The next order of business is reading in your datafiles. R can handle all types of data files: .txt, .xlsx, .nc4, .csv, etc. It is much easier to deal with .csv and .txt files. Before reading in your datafiles, I saved each sheet as a separate .csv file. When saving Excel (.xlsx) sheets as .csv files, only the open sheet is saved (so you have to do this seven times in this case).
## Reading in the data
Raw_Data = read.csv('RawData.csv')
#View(Raw_Data)
In the code chunk above that starts with the commented line: ## Reading in the data, we are reading in the raw datafile. Note that we only had to reference the datafile with the name 'RawData.csv' because we set our working directory to the folder containing this file. If this was not done we would have had to reference the entire file path which can be a burden. Also note that #View(Raw_Data) is commented out. If you would like to view the datafile after you have read it in, run this line of code without the \(#\). It is always advisable to look at the dataframe after it was read into R and verify that everything looks ok.
Below, we include the first 10 rows of the dataframe Raw_Data. This is not how it will look in R, this is just how it appears in an .html file; I have hidden the code to create this data table. Let’s check it to see if it was read in properly. If you scroll all the way to the right in this viewer, you will see that the last column read in incorrectly. All other columns are fine, but it added a column of NA values with the column name: X. This can sometimes occur when you save .xlsx files as .csv. I think this is because you once had data in this column and it appears as a “ghost” column (empty values) in the .csv file, but I am not sure. Let’s delete this column (see below).
## Deleting the last (26th) column
Raw_Data = Raw_Data[,-26]
You can reference the dataframe by the name we saved it as earlier: Raw_Data. You can reference a specific element with the code Raw_Data[1,2]: this will be the element in the first row and second column. You can reference an entire row with the code Raw_Data[1,]: this will select the first row. And, likewise, you can reference an entire column with the code Raw_Data[,26]: this will print the 26th column (the empty one).
In the code above we have overwritten our original Raw_Data name and saved as the same dataset but without the 26th column.
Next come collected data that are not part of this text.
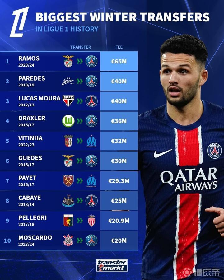 最近一份德国转会市场的统计报告展示了法甲联赛冬季转会窗口最贵的10笔转会。首位是贡萨洛-拉莫斯,他以6500万欧元的价格从本菲卡加盟了巴黎,成为这一榜单的头号球员。而巴黎这支球队在这份统计报告中名列前茅,共有7名球员跻身TOP10。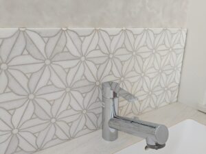 念願だった花型のタイルも取り入れることができました。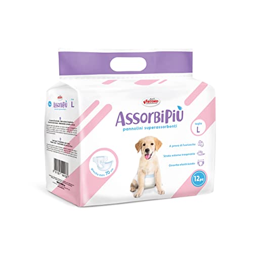 Record Absorberar fler engångsblöjor för hundar unisex extra absorptionsförmåga. Hundblöjor med elastiskt bukband. Förpackning 12 st. storlek L, omkrets upp till 70 cm. Hundar stor storlek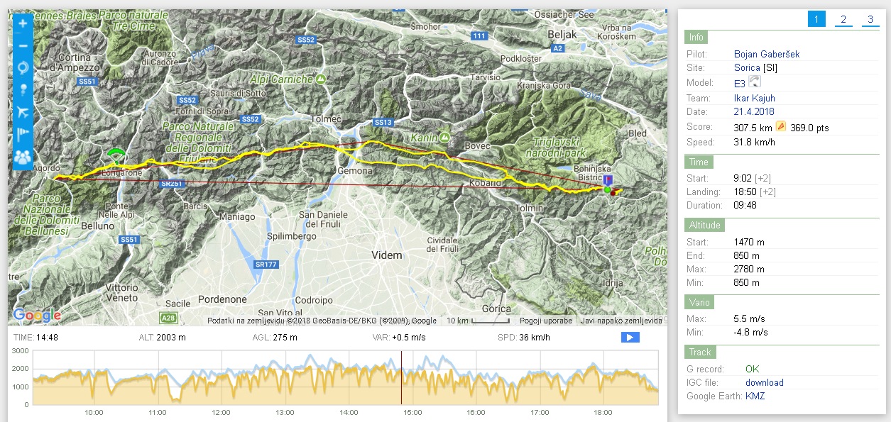 Iz vzletišča Sorica nad Škofjo Loko so odleteli v italijanske Dolomite in pristali nazaj v Sorici po več kot 10. urah letenja. Njihov polet meri 302.11 km in je za več kot 20 km daljši od starega rekorda Italijana Arduina Persella iz leta 2012. Jošt Napret, ki je bil glavni organizator letenja, je osvojil še hitrostni rekord, saj je razdaljo 300 km prevozil s povprečno hitrostjo 32,11 km/h.

Observe below that the column is no longer present. All of the other datafiles had the same “ghost” column, but you should check yours if you do this on your own (maybe send me your code to check).
Before we get started, I am following very closely with this tutorial: http://www.sthda.com/english/articles/31-principal-component-methods-in-r-practical-guide/118-principal-component-analysis-in-r-prcomp-vs-princomp/. The tutorial will go into greater detail and could be a useful reference. There are two main functions for PCA in R: 1) prcomp() and 2) princomp(). There are two general methods to perform PCA in R:
First, we will select out data of interest. If you would like to use some of the other datasets put its name in place of Raw_Data. Note that we did not take the first column because these are the sample names.
## Selecting data of interest
Data_of_Int = Raw_Data[,2:ncol(Raw_Data)]
I have given up taking notes here. I can explain in more detail if needed. There are 3 plots for each of 12 combinations: Log vs No Log, Standardized vs. Not Standardized, All Variables vs. All Minus Linear vs. All Minus Linear and Distance (2*2*3) (so 36 plots). The first for each group is a scree plot which examines how much variance is explained by each PC, the seond is a plot of the PC loadings, and the third are the samples plotted in their PC space.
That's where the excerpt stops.